An Analogy, and a Pledge

People often describe open source software as “free as in beer” or “free as in freedom”. I think we should look at it a different way. I think that most open source JavaScript projects in 2018 are “public as in bathroom”. A gas station bathroom, more specifically.

Gas station bathrooms are usually free to use, and pretty much nobody involved does a good job of taking care of them. People make messes on the toilet seats or the floors. They forget to flush. They don’t always wash their hands. Their owners don’t send people in to clean them often enough, and sometimes let them run out of important things like soap or toilet paper.
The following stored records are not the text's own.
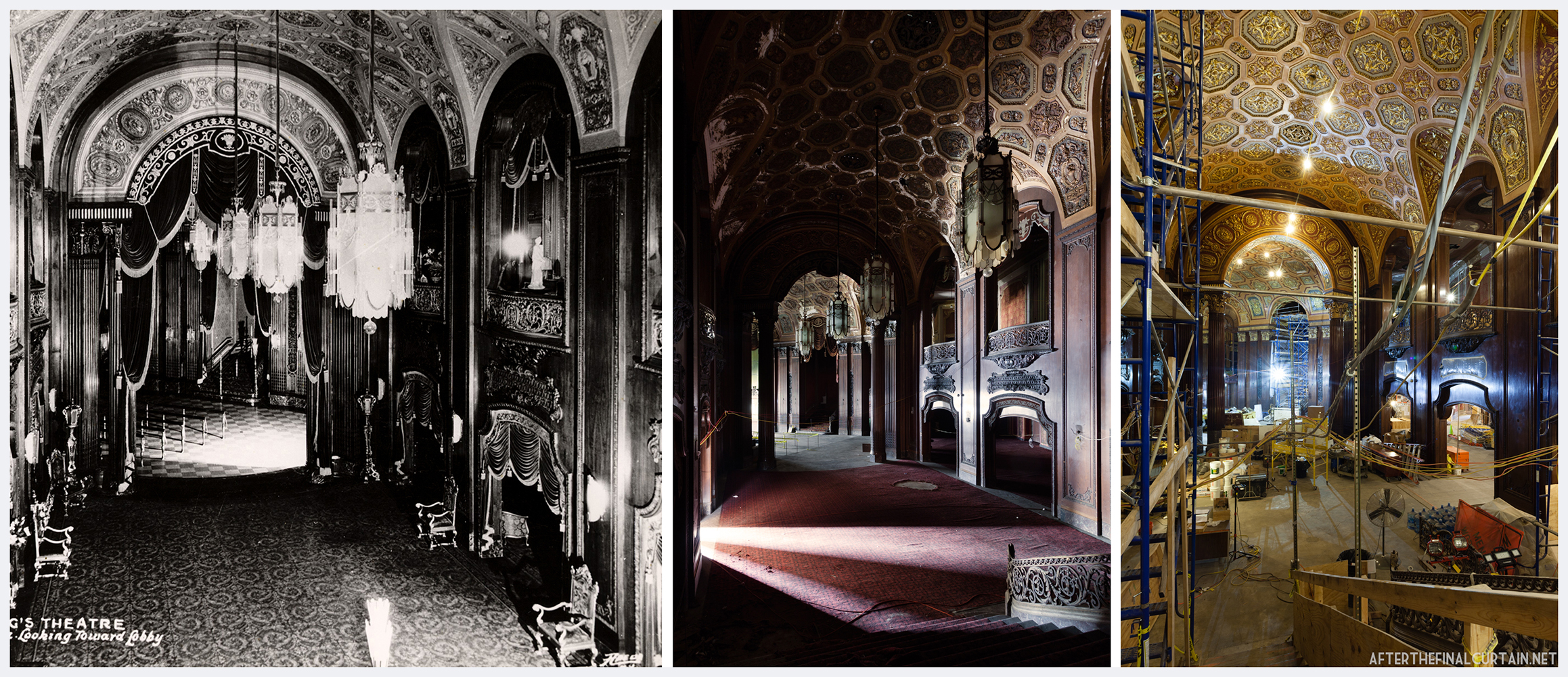 The photos in the triptych above are of the Loew’s Kings Theatre lobby when the theater was open, 30 years after it had been closed, and six months into the restoration.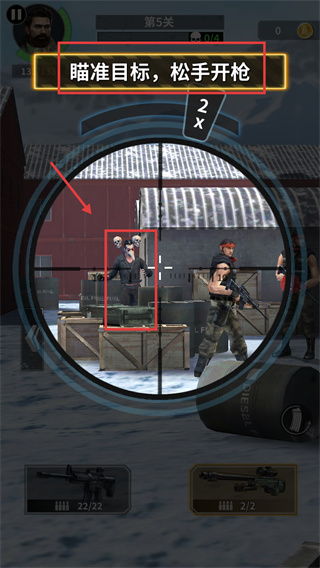 1、瞄準(zhǔn)目標(biāo)后松手開槍,精準(zhǔn)打擊敵人,優(yōu)先消滅高威脅目標(biāo),提升戰(zhàn)斗效率。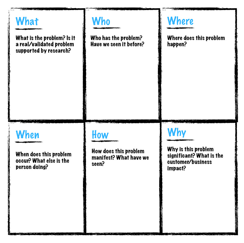 You don’t have to use the exact formula (I deviated above), but it is an excellent framework to keep in mind. Try to avoid proposing solutions during this phase, as it is an easy trap to fall into. Keep your focus on the problem and facts.

Sometimes the plumbing doesn’t even work right.

Nobody takes good care of the bathroom because nobody feels any real responsibility towards it. The people who use it are just passing through – perhaps on a road trip – and may never visit that gas station ever again. The people who own it are either unable to unwilling to devote the resources needed to maintain it. There aren’t really any incentives (beyond a sense of basic human decency) for anyone involved to do better.

I think the real, long-term solution to this problem in the JavaScript community would be to build bigger, more active community projects that people are invested in, instead of basing the ecosystem on thousands upon thousands of tiny micro-libraries that no one cares about individually. That kind of structure has been proven to work well for other programming languages.

In the short term, what can an individual developer do? For my part, I’m making this pledge to do better:

  • If I publish a project I’m not willing to maintain for production use, it will come with big, bold disclaimers, including an npm warning on installation.
  • I won’t include microdependencies in my projects. If some problem is small enough that it takes a few dozen lines of code to solve, I’ll just copy it directly into my project with proper attribution so that I can maintain it myself.
  • I’ll take responsibility for any dependencies I do include in my projects. If something is listed in my package.json file, it’s because I know how it works, who created it, who’s responsible for it, and so on.
  • If there’s a library that I use and depend on, I’ll do my best to contribute back to it in some way.

It’s like washing your hands. It’s just basic hygiene.